Stored data:
↓

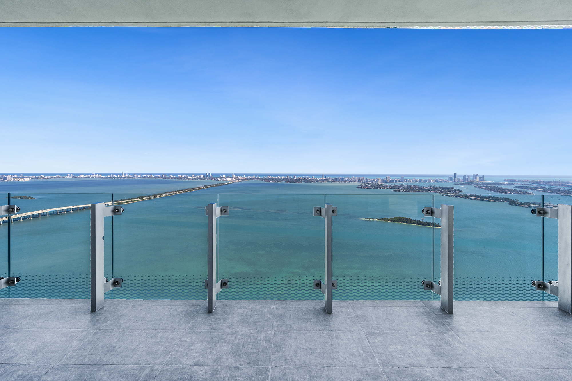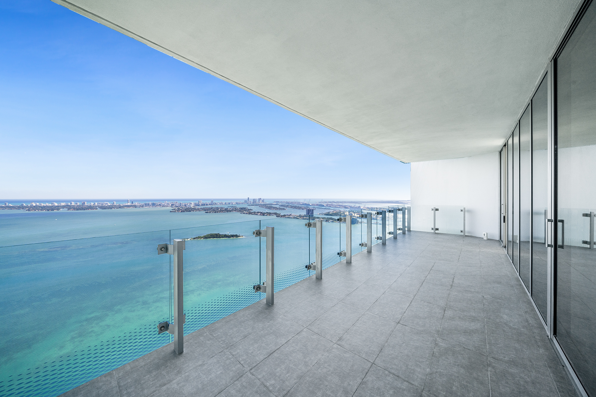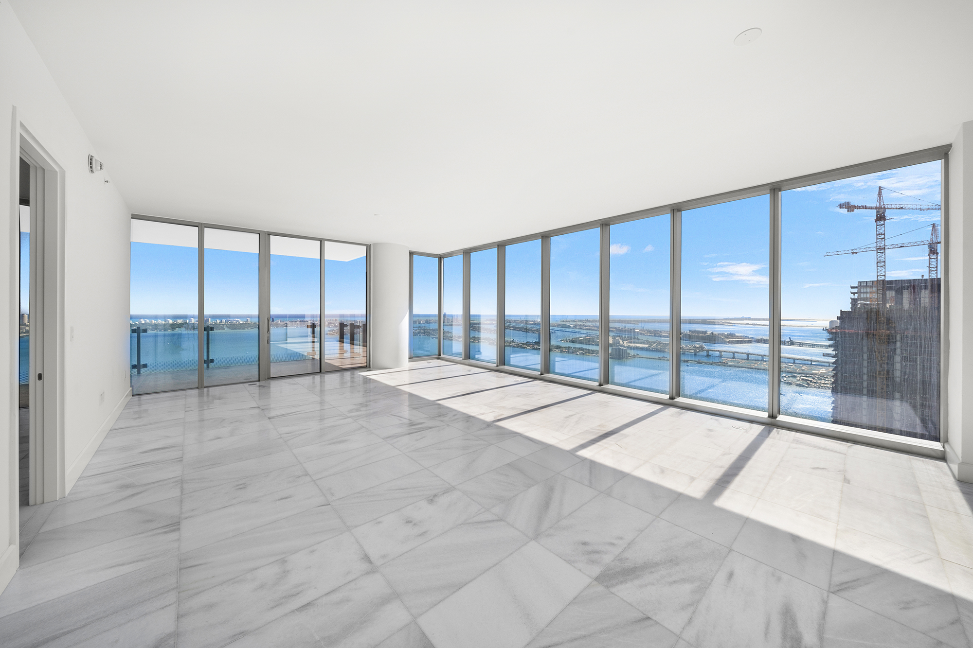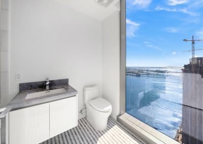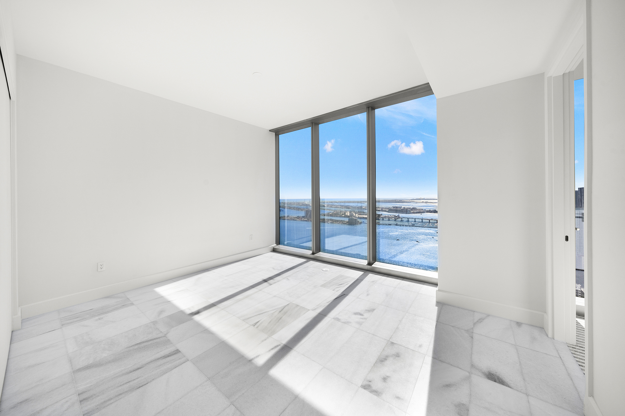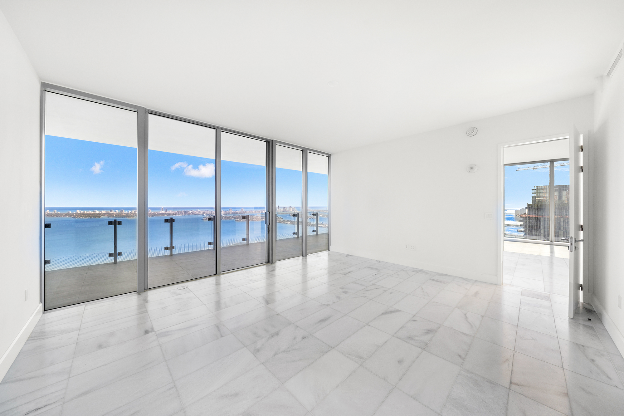 On floors 5 though 7, amenities include a bayfront lounge with a pool overlooking the water; a media room; a beauty salon; a children’s playroom; a pet spa; an expansive gym overlooking the bay; and one of Miami’s largest, resident-only spas. An outdoor bridge connects the sixth floor’s indoor amenities suite to the flow-through pool deck, which includes cabanas, an Olympic-sized lap pool, plunge pools, children’s water features, and an elevated tennis court.
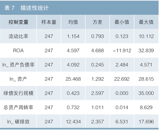 本文以公司为单位,匹配历年公司绿债发行规模与当期碳排放量等数据,在剔除缺失值和异常值之后,共得到247条样本数据。数据来源于Wind和国泰君安数据库,描述性统计如表7所示。
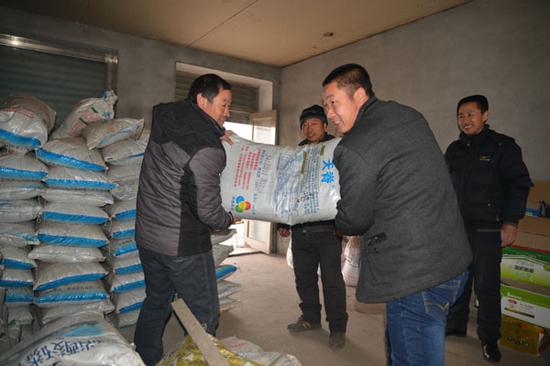 2月27日解永杰(右一)組織農(nóng)民裝運化肥。

↑

Starting at the line with "本文以公司为单位,匹配历年公" and stopping at the final line of the material, reproduce each line exactly, both ends included. Leave the pictures out.

 本文以公司为单位,匹配历年公司绿债发行规模与当期碳排放量等数据,在剔除缺失值和异常值之后,共得到247条样本数据。数据来源于Wind和国泰君安数据库,描述性统计如表7所示。
 2月27日解永杰(右一)組織農(nóng)民裝運化肥。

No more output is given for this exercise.